Diomaye Faye du PASTEF est toujours Président. Le PASTEF contrôle le Parlement. Et surtout, il ne faut pas l’oublier, le Sénégal est stable. Tandis qu’Ousmane SONKO requinque et rallume la flamme militante du PASTEF, Diomaye Faye magistralement élargit ses bras pour ratisser dans les autres partis politiques en contenant et éteignant les étincelles des vautours de la communauté internationale. Les deux savent d’où ils viennent et où ils s’en vont.
Sonko, qui ne change pas de parole a tenu à rassurer que le Parlement ne sera pas le cimetière politique de Diomaye Faye.
En plus, Diomaye Faye a magistralement esquivé le piège tendue par l’opposition de la sophiste avocate Maitre Aissata Tall Sall qui faisait une belle équipe avec Maitre Bocounta Diallo, dans le procès très médiatique des généraux Lassana Palenfo et Abdoulaye Coulibaly en 2001 ; Un véritable régal et lieu de formation en Droit à l’époque. Des plaidoyers qui nous ont façonnés.
Là où l’opposition s’attendait à ce que le buteur du PASTEF ( Dimoaye Faye) blesse le Défenseur du Pastef (Sonko), Bachirou Diomaye Faye s’abstient de saisir le Conseil Constitutionnel.
En somme, en plus du Plan B, qui demeure et produit ses bons fruits, un Plan C est actionné positionnant Sonko au Parlement.
Au Sénégal de Cheickh Anta Diop, Senghor, et du footballeur, Jules Francois Bocandé, on sait aller au-delà du nombrilisme pour penser à la NATION.
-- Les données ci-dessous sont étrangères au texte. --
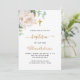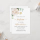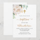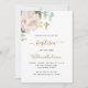 Um fundo branco decorado com folhagem de eucalipto, uma peônia branca e folhas douradas. Personalize com o nome da criança e detalhes da cerimônia. Letras pretas e douradas.
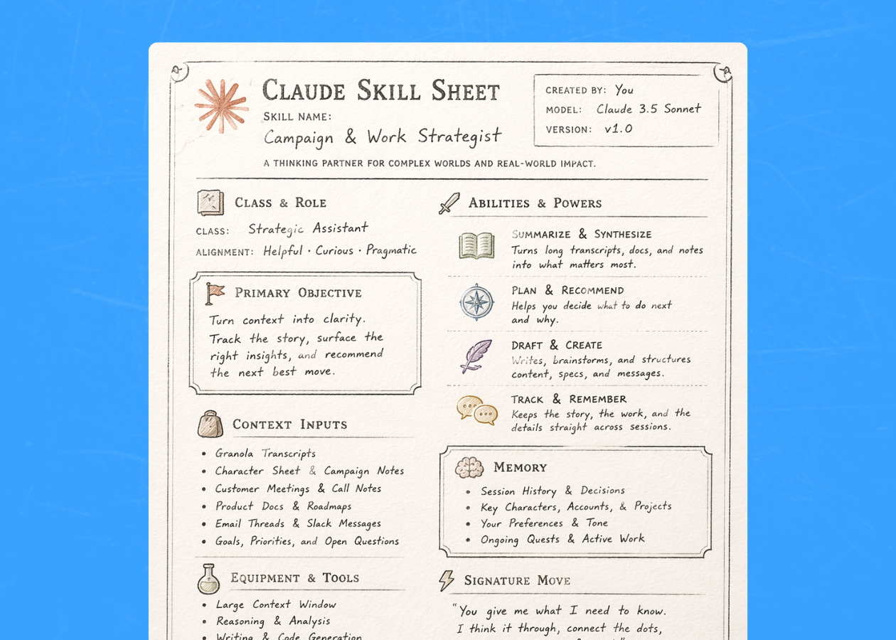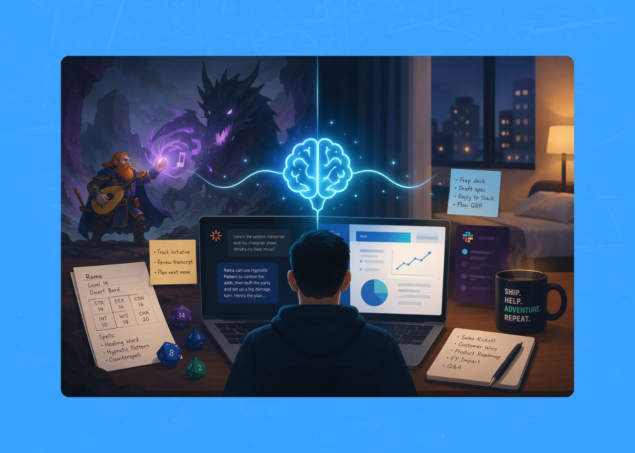 Here’s why I’m telling you this: the reason it works... tracking a D&D campaign in Claude, the same tool I use to prep for customer meetings, draft product specs, and manage my inbox... is because the underlying capability is the same across all of it. You give the model what it needs to know. It thinks. It helps. The use case is almost irrelevant.
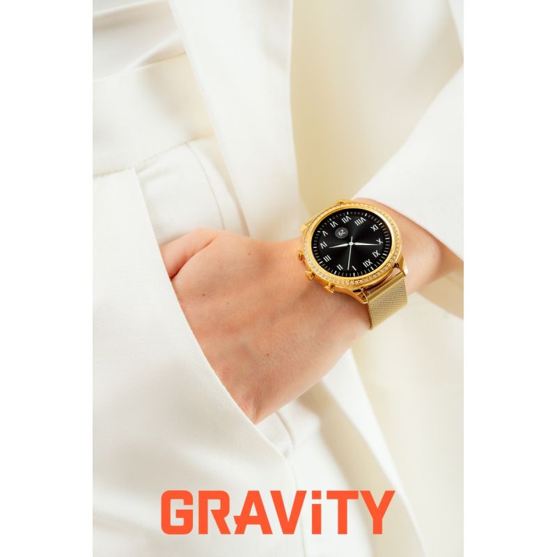 Meet the Gravity GT5 – a women's smartwatch created for those who want more from modern technology. Its elegant design, rhinestones, high-quality craftsmanship, and intuitive operation make it the perfect companion for both everyday wear and evening meetings. The vibrant display ensures excellent readability, while advanced health features like blood pressure and sleep monitoring, cinema mode, and activity mode help you navigate your daily life. The GT5's sports modes motivate you to stay active, while its durable design and water resistance ensure reliability in any situation. A multi-day battery means you can forget about daily charging, while full smartphone integration makes it easy to access notifications, calls, and music. The Gravity GT5 is more than just a smartwatch – it's a personal assistant, trainer, and stylish accessory all in one, making every day easier, healthier, and more convenient.
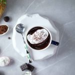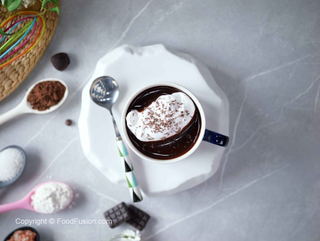 -Take out from oven,pour prepared hot chocolate,add whipped cream & garnish with grated dark chocolate & serve!
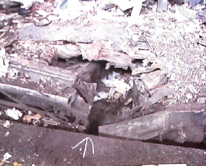 En el suelo del vagón, concretamente en el lugar donde estaba el artefacto, se localizó un cráter irregular, de aproximadamente un metro de diámetro
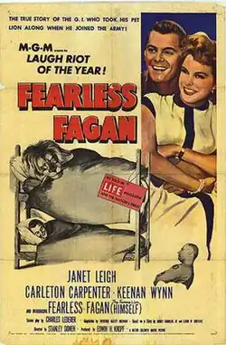 Fearless Fagan is a 1952 American comedy film directed by Stanley Donen and stars Janet Leigh and Carleton Carpenter. It is about a clown who is drafted into the military and tries to sneak his pet lion into the service.[2] The film was inspired by the 12 Feb 1951 Life Magazine story Fearless Fagan Finds a Home where Private Floyd D. Humeston requested an emergency 14-day furlough from Ft. Ord, California to take care of his pet lion.[3] Fagan played himself with the army assigning Pvt Humeston to act as a technical adviser on the film.[4]
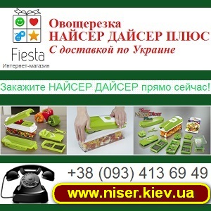 Оригинал Овощерезка Nicer Dicer Plus. Акция! Только до среды цены от производителя. Не упусти свою овощерезку из Германии Найсер Дайсер Плюс. Количество овощерезок ограниченно. Сертификат. Овощерезка Найсер Дайсер плюс - доставка по Украине БЕСПЛАТНО в течение 24 часов. Овощерезка Найсер Дайсер плюс - закажи прямо сейчас. Интернет-магазин FIESTA +38(093)4136949 +38(067)9307065 +38(095)2704939 Киев, ул. Межигорская, 82-А www.niser.kiev.ua |
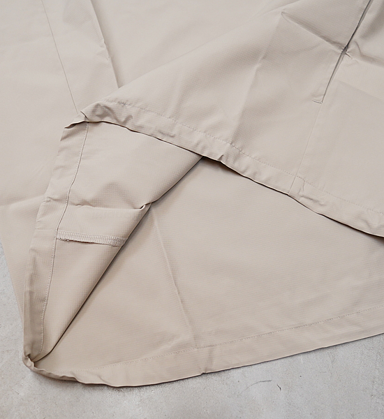 ミニマルなデザインを採用した新しいタイプの高機能Tシャツです。超軽量で耐久性に優れるC9 Ripsto™生地は耐風性、耐水性、透湿性を併せ持ち、天候が急変した際にサッと羽織ることができるようウインドブレーカーの基本性能を備えています。ランニング、カヤック、トレッキング、スキーなどあらゆるアウトドアアクティビティにおいて機能し、持ち運びのしやすいパッカブル仕様でいつでも携帯しておくことが可能です。ユニセックスモデルでリラックスフィットのデザインを採用しています。
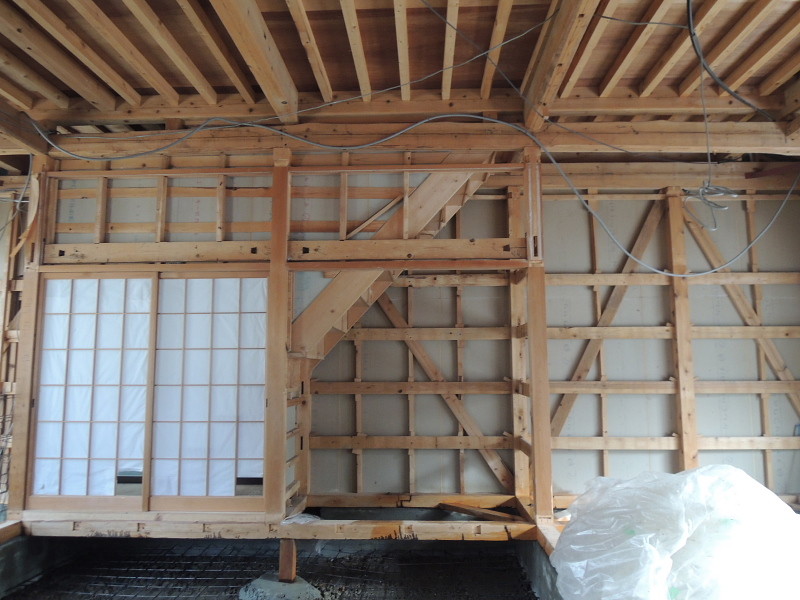 昔ながらの、貫工法で、またあるところは筋かいが設けられていた。
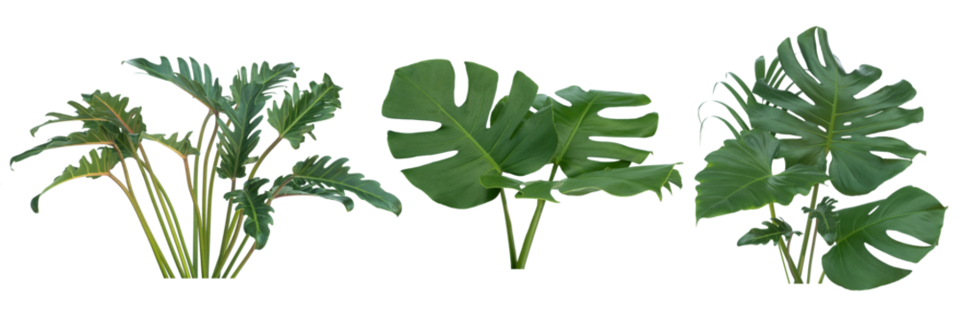 A set of philodendron leaves with deep green color, isolated on a transparent background, PNG file.
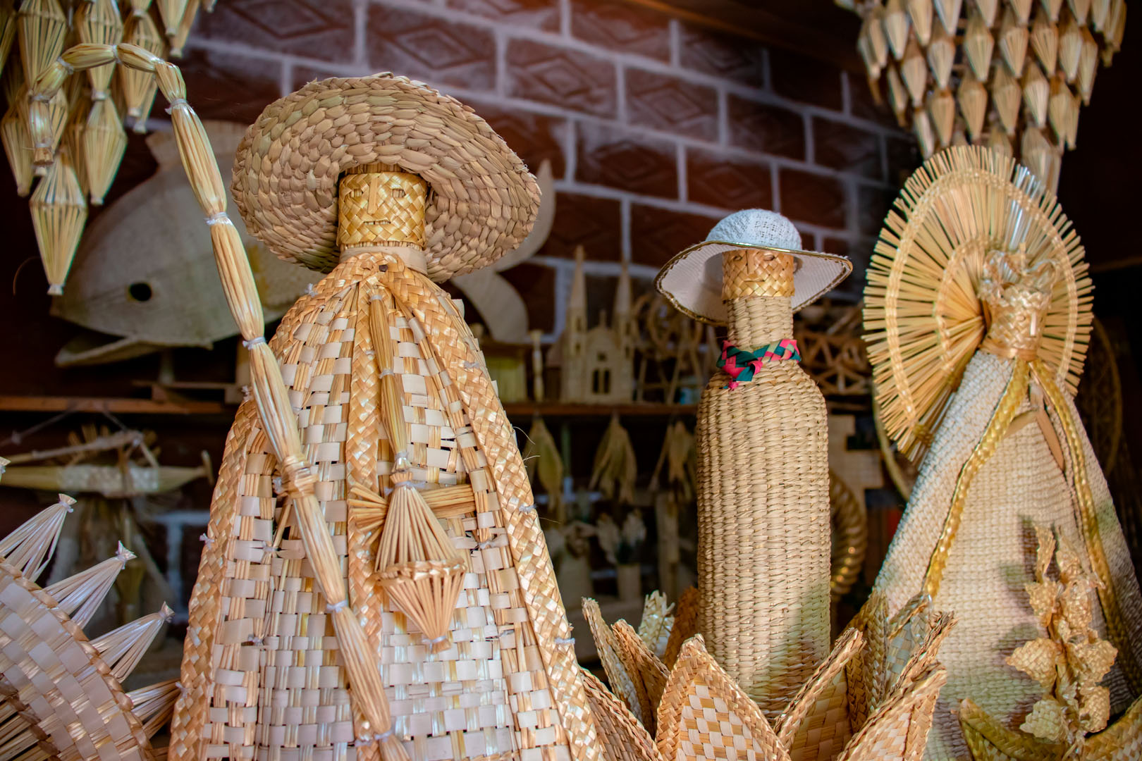 La hoja de maíz es quizá uno de los trabajos artesanales más recientes, con los cuales se crean coronas navideñas, nacimientos, ángeles, muñecas que visten trajes regionales y una gran variedad de flores.
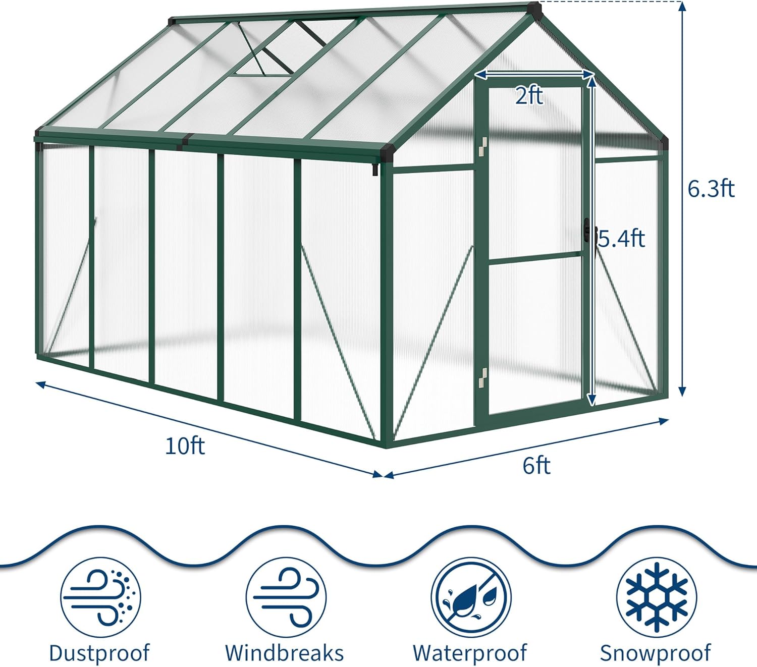 - 【Resilient Construction】Designed to endure challenging weather, our greenhouse features 720g/m² polycarbonate panels and a solid aluminum steel frame. This design ensures stability and protection during heavy rain and gale. Keep your plants safe and thriving in a reliable greenhouse built to last.

Et si d’aventure, en 2029, le jeune Diomaye Faye, garde son sang-froid, comme Sonko qui aura également fait preuve de haute politique sans chercher à écourter le Mandat en cours de Faye, pourquoi ne laisserait il pas la place à Sonko faire un mandat ?
Ce serait le plan D.
Le temps pour Faye de se prépare pour revenir 8 ans après sa période sabbatique. Ce serait le Plan E. Le Sénégal et le Bénin sont les métronomes de la démocratie en Afrique de l’Ouest.
Ce palmarès vaut son pesant d’or. Le Sénégal politique est différent de la Cote d’Ivoire politique. Notons-le.
KOUAKOU Dapa Donacien
Juriste. Ex-Coordonnateur Régional PPA-CI Gontougo
Promoteur de Plan B au PPA-CI suspendu.